When we have messed up, when we have broken God’s promises, when we have walked away from Him, our greatest need is to see Him and His glory.  Moses knew it.  And in verse 18 Moses saw the mercy and compassion of God on display in grand fashion!

Chapter 34 details again the faithfulness of God to His people.  Those stone tablets with the Ten Commandments on them that Moses had broken in his anger and disgust over the sins of Israel, God re-created.  The starting point for the grace of God in our lives is brokenness.  The starting point for the forgiveness of God is our sin.  And God takes our broken promises and broken lives and says, “Let’s do this over.”  That is overwhelming to me.

And before I say “amen” to this message, let me show you what God revealed again in the process of giving His people another chance.  Look at Exodus 34:6-7 (NIV) 6  And he passed in front of Moses, proclaiming, “The LORD, the LORD, the compassionate and gracious God, slow to anger, abounding in love and faithfulness, 7  maintaining love to thousands, and forgiving wickedness, rebellion and sin. Yet he does not leave the guilty unpunished; he punishes the children and their children for the sin of the fathers to the third and fourth generation.”

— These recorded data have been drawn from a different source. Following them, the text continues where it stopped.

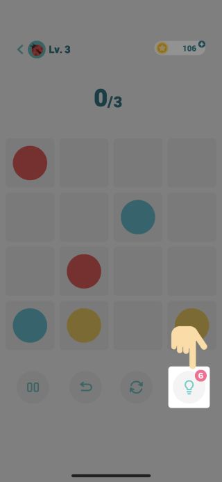 右下のヒントボタンを押すと、1つのドットの正解ラインを教えてくれる。
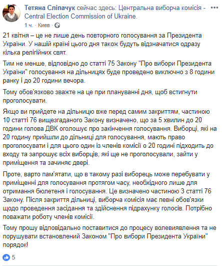 Слипачук отметила, что согласно статье 75 закона "О выборах президента Украины" голосование на участках будут проведены исключительно с 8:00 до 20:00. В связи с тем, что 21 апреля отмечается несколько религиозных праздников, которые не позволяют представителям некоторых конфессий реализовывать свое право голоса в это время, председатель ЦИК напомнила про то, что существует механизм, позволяющий голосовать и после закрытия участков.
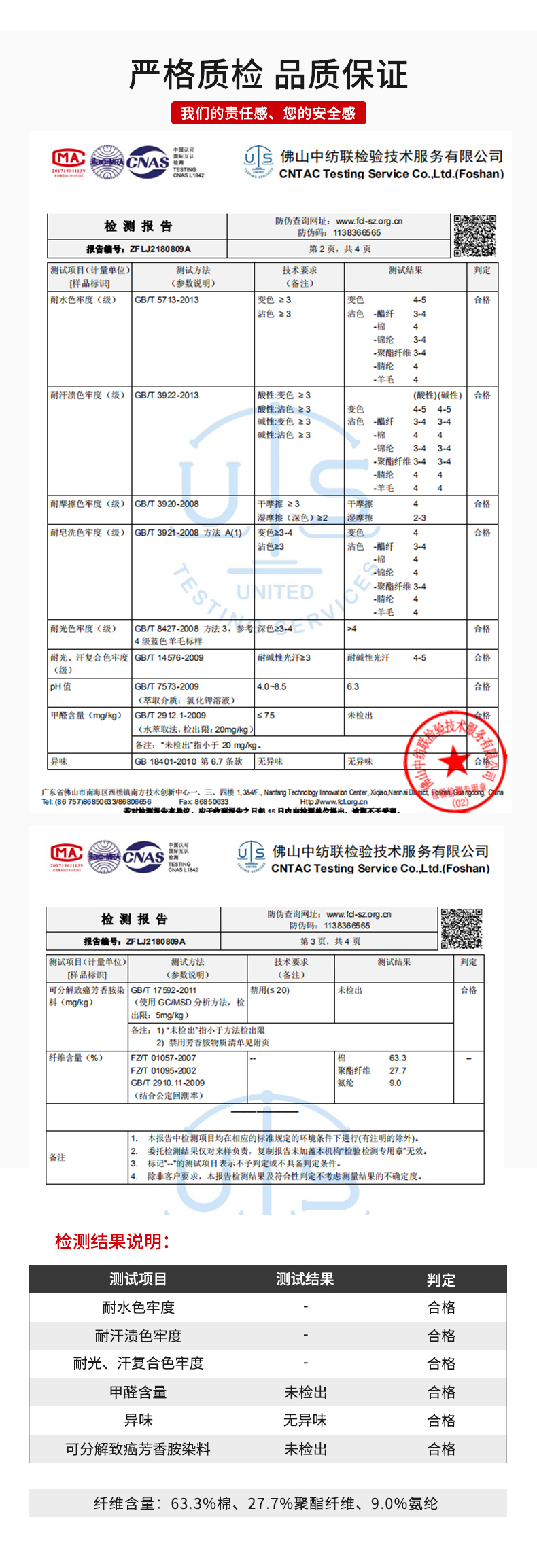 材質成分 棉62.3% 聚酯纖維29.4% 聚氨酯彈性纖維(氨綸)8.3%
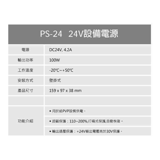 - 輸出過壓保護:+24V輸出電壓高於30V保護。
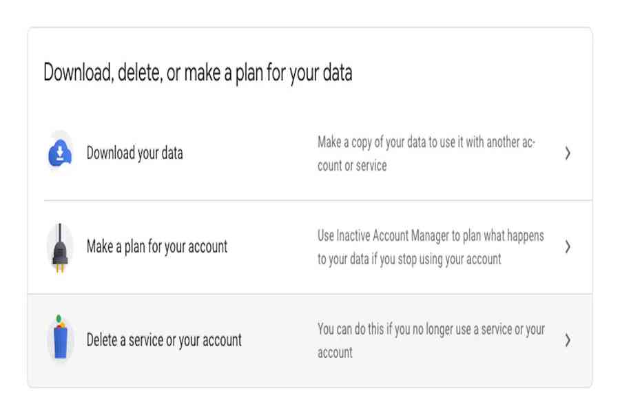 - Cuộn xuống phần Download, delete or make a plan for your data và chọn Delete a service or your account.

What does He reaffirm to His people in this passage?  “Just as I have always been, so shall I always be.”  What a promise!  Someone to count on.  A God who can truly be trusted.  What promises to hold onto!  We serve an unwavering God.  He is the same “yesterday, today, and forever.” (Hebrews 13:8)

What pain do you hold in your heart that is a result of a broken promise?  Do you allow that pain from that broken promise to override the promises of God in your life?  Today God is here with mercy and compassion to provide you with healing for your hurt.

Have you made promises to God you haven’t kept?  He is offering you a do-over.

Do you feel as if your life is falling apart?  Like you are falling apart?  Jesus is here to hold you together.  There is a safe place in the cleft of the rock.  God will cover you with the hollow of His hand.  He will reveal Himself in the midst of your brokenness.

You cannot begin to claim any of the promises of God until you have first claimed the Person of the Promise, Jesus Christ, as Lord and Savior.  The promises of God are “yes’ in Christ.  Only those who are in Christ get the Divine Yes spoken over their lives.  Are you holding on to the Jesus, the Logos, the Promise, who has made good and continues to make good through the keeping power of the Spirit, ever other promise God has made to you?